China launched its new national pipeline company, PipeChina, on 30 September 2020. It marks a significant step towards improved third-party access, better network integration and lower transmission tariffs. The reform may increase market competition, stimulate investment across the natural gas value chain and reduce the cost of gas to end-users. PipeChina has consolidated most of the long-distance gas pipelines as well as six regasification terminals and three underground storage sites that were previously controlled by China’s three state-owned energy majors (PetroChina, Sinopec and CNOOC). The formation of PipeChina follows earlier reforms in July 2019, which removed the remaining ownership restrictions for foreign investors in China’s upstream and downstream gas sector.

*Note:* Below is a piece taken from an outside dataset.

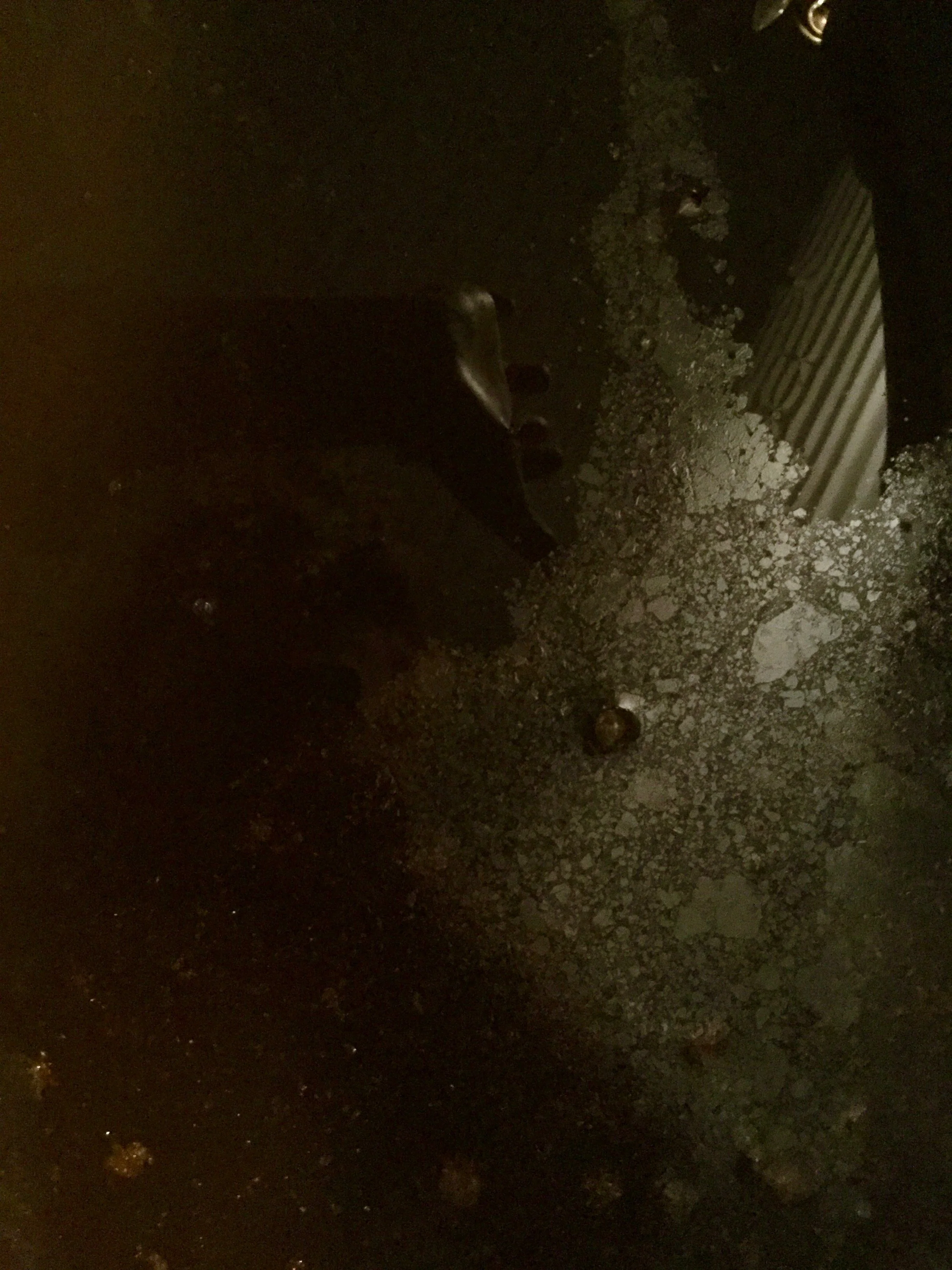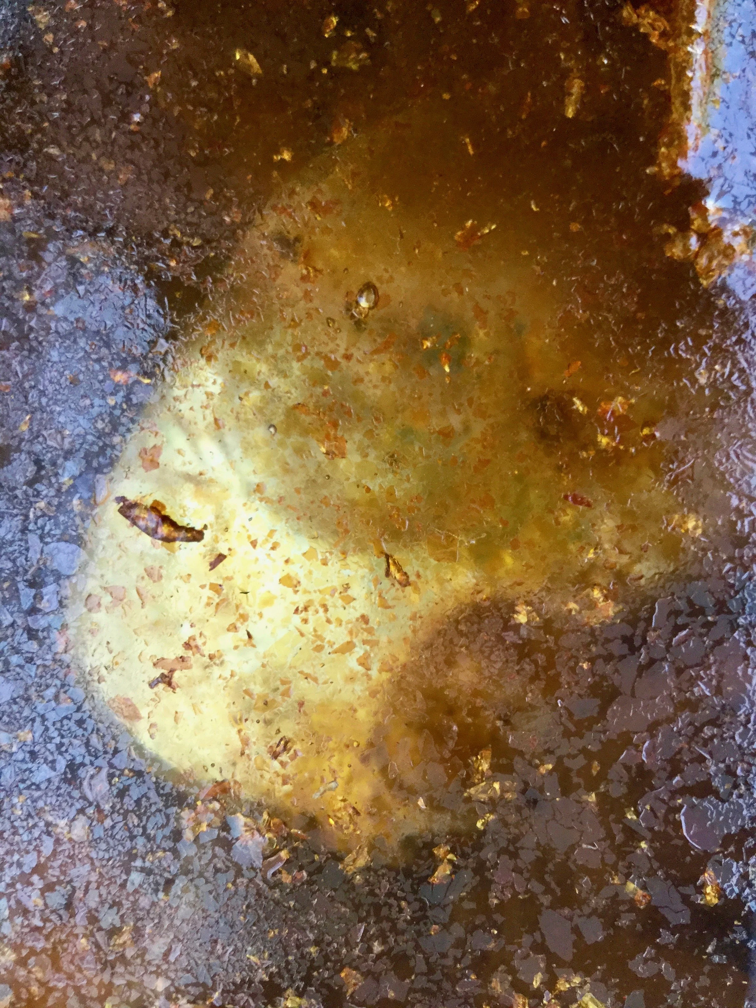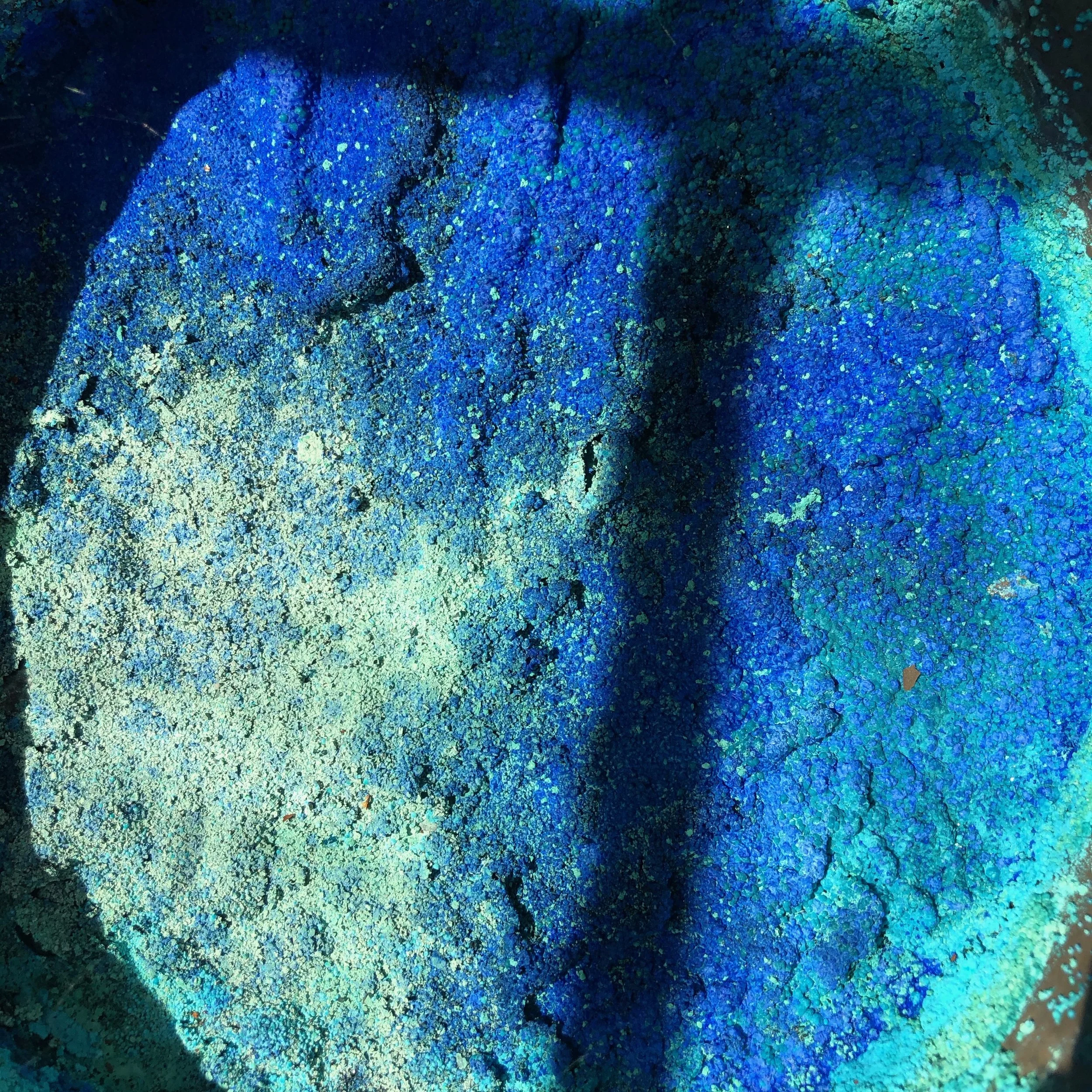 Rust, salt, metal fragments, mirror, and glass in water Aged 9 months

India launched the Indian Gas Exchange (IGX) in June 2020, which is authorised to operate as a regulated gas exchange for 25 years. This represents a significant step towards transparent market-based gas pricing, although traded volumes were negligible in the second-half of 2020. The national government enacted reforms to rationalise gas pipeline tariffs (by transitioning to a unified tariff structure from the previous distance-based system) and eased rules to set up LNG fuelling stations. It also approved the creation of an electronic bidding platform where producers will be able to offer their output at market-based prices. India’s gas market regulator extended third-party access to city gas distribution pipelines as exclusivity periods (which run for a minimum of five years) expire. However, CNG stations were excluded from third-party access provisions.

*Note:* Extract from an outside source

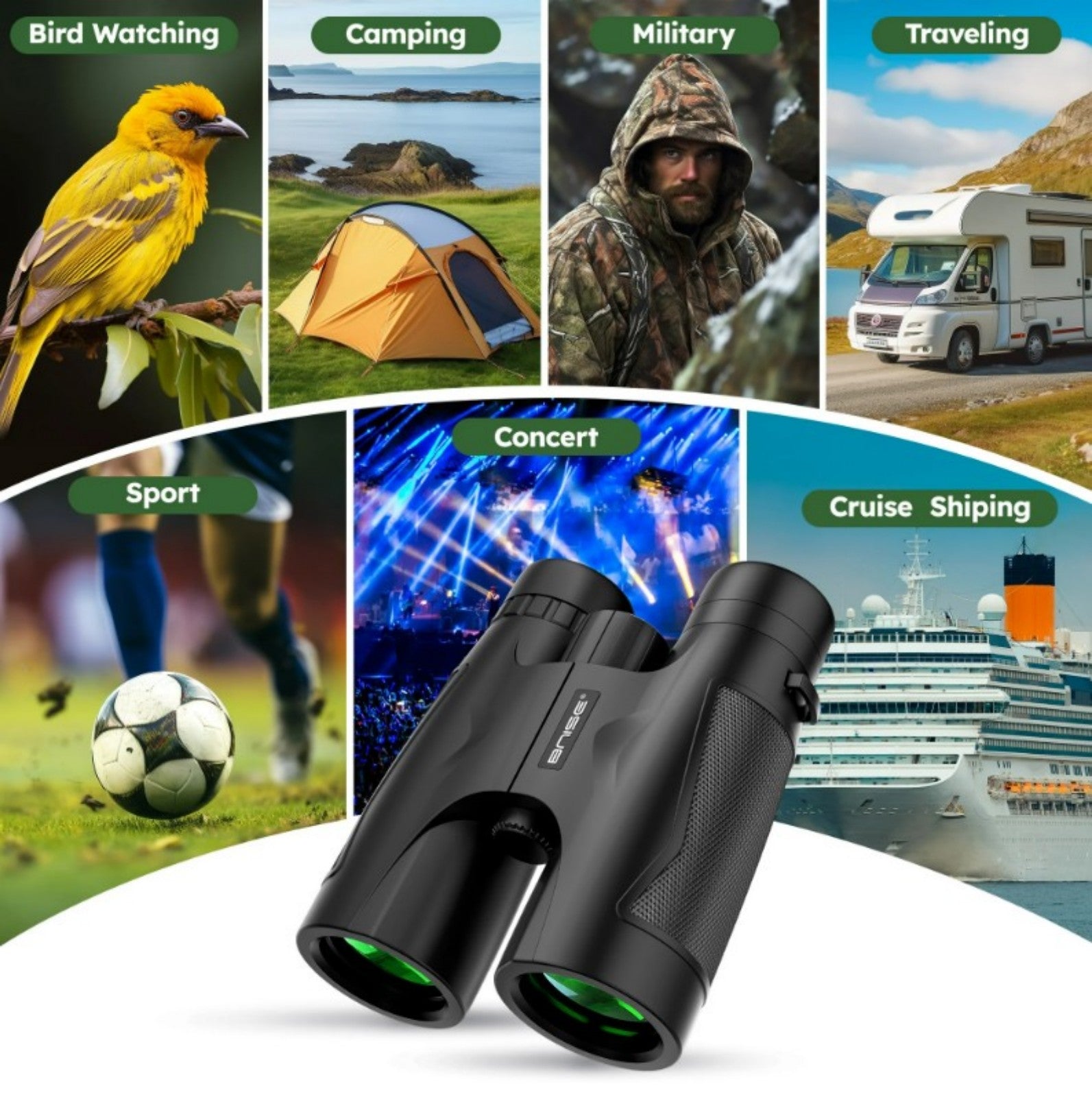 - 【Powerful Binoculars for Adults】 The BNISE Binoculars feature real 10X Magnification and a vast 303 feet/1000yds field for view, making them ideal for outdoor activities like bird watching, hunting mountaineering, hiking, ,stargazing, and watching wildlife and landscapes.Compared to 12X, the golden 10x magnification ensures better stable images with a broader viewing range.
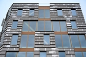 TRÆ er – udover træ – bygget i beton og glas, og mange af materialerne er genbrugte eller upcyclede – som for eksempel kasserede vindmøllevinger, der er brugt på facaden. Derudover er der genbrugt facadeplader, mursten, træ, termoruder og andre materialer.

Clean gas policy initiatives
Low-carbon hydrogen is garnering increased attention and a number of countries have announced related targets and strategies. Japan and Korea establised hydrogen roadmaps in 2019. The European Union’s hydrogen strategy set out in July 2020 aims to produce 1 Mt of green hydrogen by 2024 and 10 Mt by 2030. France, Germany, Spain and Netherlands have also launched hydrogen strategies. In Canada, Alberta’s Natural Gas Vision foresees large-scale hydrogen production from natural gas with carbon capture, utilisation and storage by 2030. Canada’s federal government hydrogen strategy set out in December 2020 highlights the potential of clean hydrogen to meet 6% of the country’s energy end-use by 2030 and to expand to 30% by 2050. Chile’s hydrogen strategy targets 5 GW of electrolysers by 2025.
The European Commission put forward a methane strategy in October 2020. It focuses both on reducing methane emissions in the European Union and addressing methane emissions associated with supply chains linked to the European Union. Legislative proposals including on measurement, reporting and verification for all energy-related methane emissions are planned for 2021.